[1] On 1 August 1263, Pope Urban IV instructed the Latin patriarch of Antioch, Opizo di Fieschi, to consecrate William to a diocese or archdiocese of his choosing in Arabia, Media or Armenia.
Good relations between Armenia and the Papacy were restored and, probably influenced by William, Hethum expressed a desire to establish a Dominican monastery in his kingdom.
On 12 February 1265, King Henry III assigned him the deanery of Wimborne for his maintenance until either he returned to his diocese or obtained another title.
In September, Henry revoked this grant and instead assigned William a yearly pension of 50 marks from the revenues of the manor of Havering.
[2] At the siege of Kenilworth in 1266, William tried to negotiate with the rebellious garrison on behalf of the besieging royalist army, but he was refused entry into the castle.

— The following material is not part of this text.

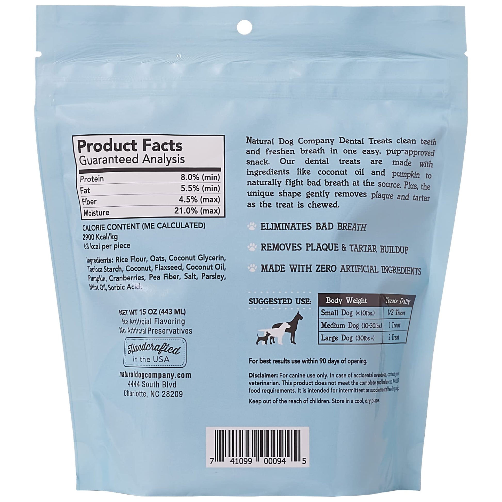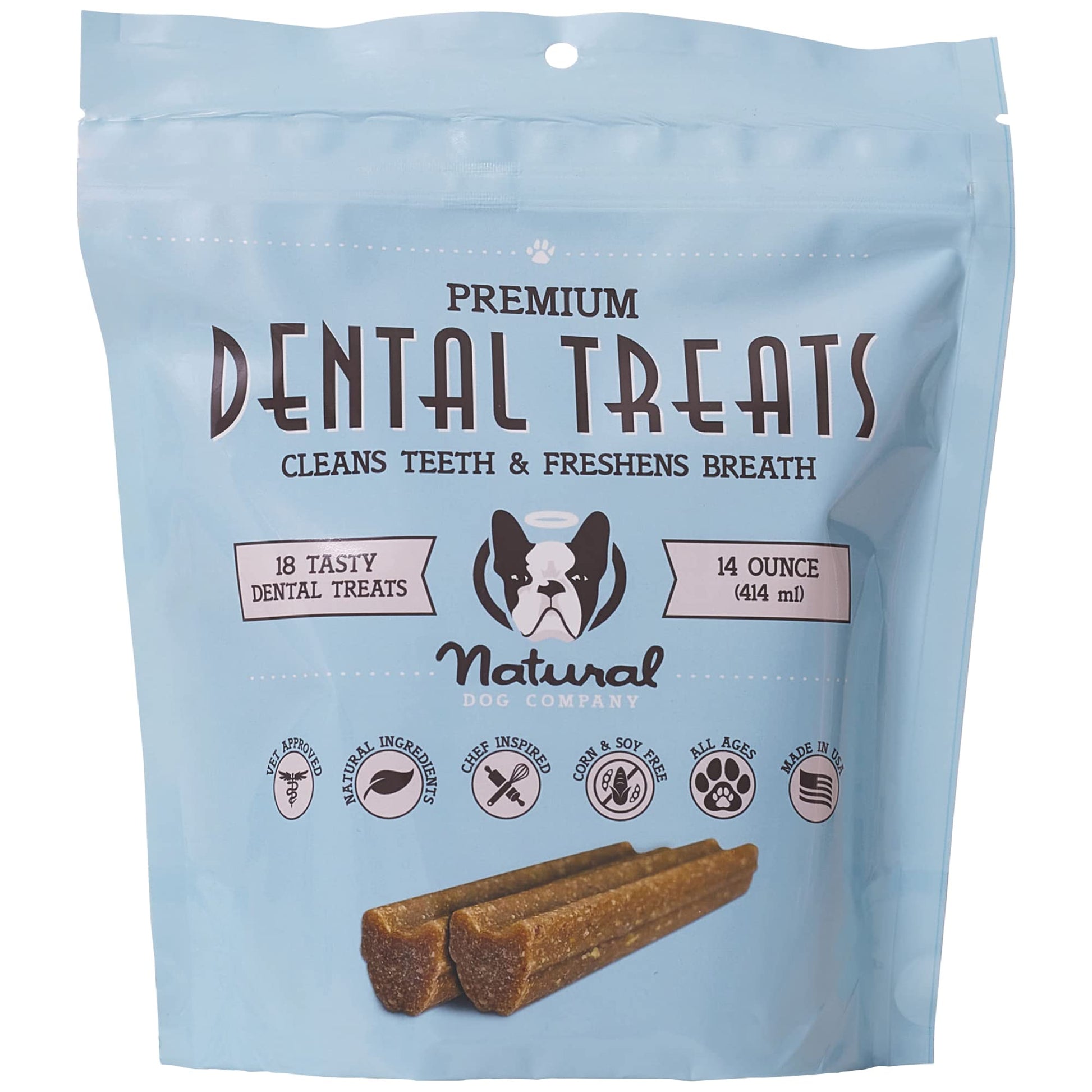 - DAILY DOG TEETH CLEANING TREATS: Includes 1 bag of Natural Dog Company Dental Treats (18 count) to provide refreshing healthy support for your dogs dental care.

In November 1277, he was acting as a Papal nuncio when he wrote to Godfrey Giffard, bishop of Worcester, about collecting Peter's pence.
He was presumably buried in a Dominican friary and his tombstone removed during the dissolution to St Mary's Church in Rhuddlan, where it resides today.
Its inscription, in Norman French, reads, "Pray for the soul of Friar William Freney, archbishop of Rages".